How Progressives Cherry-Pick Science They Like from Mona Charen at National Review

Science, however, to be respected, must be purely the search for truth. The organizers of this “March for Science” — by acknowledging that their demonstration is modeled on the Women’s March — are contributing to the politicization of science, exactly what true upholders of science should be at pains to avoid.

A true “march for science” might tackle problems like the “replication crisis” or “confirmation bias.”
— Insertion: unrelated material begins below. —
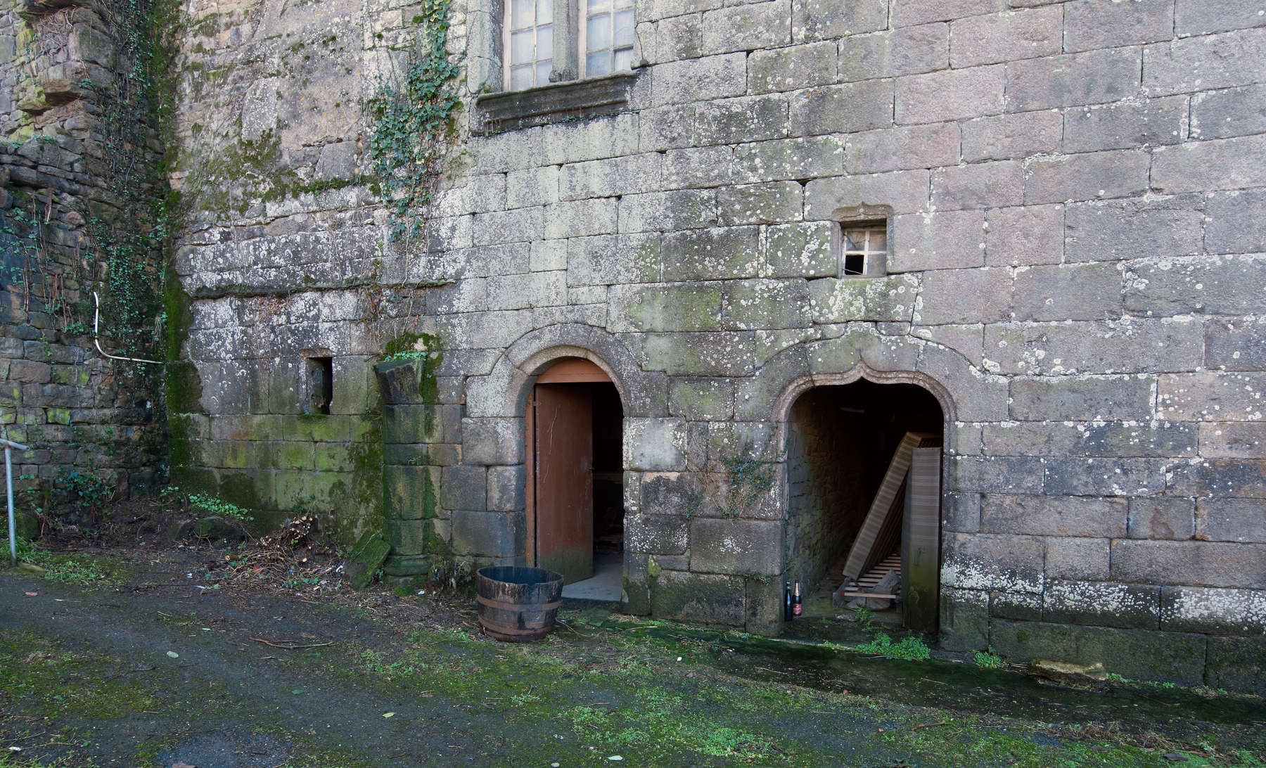 Trémel : manoir haut de Kermerzit, élévation antérieure orientée vers le nord, portes menant au cellier (à l'est) et au couloir traversant desservant l'escalier à visImmatriculation
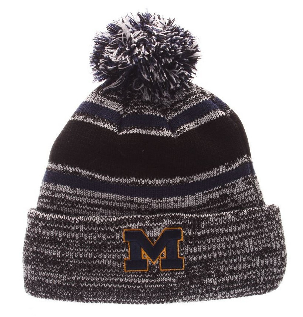 Show your support for your college team, University of Michigan Wolverines, with this "M" Granite logo knit cap. Cozy Acrylic knit with accent pompom on top and team logo on cuff. Zephyr Headwear was established in 1993 by former sports retailers who weren't satisfied with the hats they had to sell in their stores. Zephyr initially focused on improving college hats and quickly became a major hat company by innovating many of the styles and treatments that are common in headwear today. Know as "Z Hats" because of the embroidered "Z" on the left side of cap. Zephyr insists on the highest quality materials and innovative design to stand a hat above the rest! Officially Licensed. Color: Navy/Gray/White/Black. MCHKNT0010- Cuffed knit hat

It’s a vanity of the Left that they stand for science, “fact-based” policy, and sweet reason as opposed to conservatives, who support superstition, “alternative facts,” and denial. Jeffrey Anderson, an associate professor of radiology and bioengineering at the University of Utah, explained to the Times that he would fly to D.C. for the march because of what he regards as “the wholesale disregard of truth and fact by the president and his close advisers. Their devaluing evidence and the scientific method, is so extreme that I can’t be silent.”
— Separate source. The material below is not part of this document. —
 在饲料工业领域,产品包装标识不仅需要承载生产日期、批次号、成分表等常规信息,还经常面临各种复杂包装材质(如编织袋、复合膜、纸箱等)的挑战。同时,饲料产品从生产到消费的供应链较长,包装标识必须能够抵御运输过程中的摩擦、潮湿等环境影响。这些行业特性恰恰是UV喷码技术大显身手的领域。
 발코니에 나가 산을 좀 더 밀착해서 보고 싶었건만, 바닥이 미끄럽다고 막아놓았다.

Now, where is the acknowledgment that there is plenty of hostility to science among progressives? Who objects to nuclear power (despite its potential to combat global warming)? Who rejects evidence of male/female brain differences? Who stands in the way of genetically modified organisms — but also argues that children should be hormonally and surgically modified if they say that they are of a different “gender” from the sex listed on their birth certificate?

When progressives are ready to admit that they sometimes cherry-pick the science they like and disregard the science that confounds their worldview, they will have taken a key first step toward the scientific method.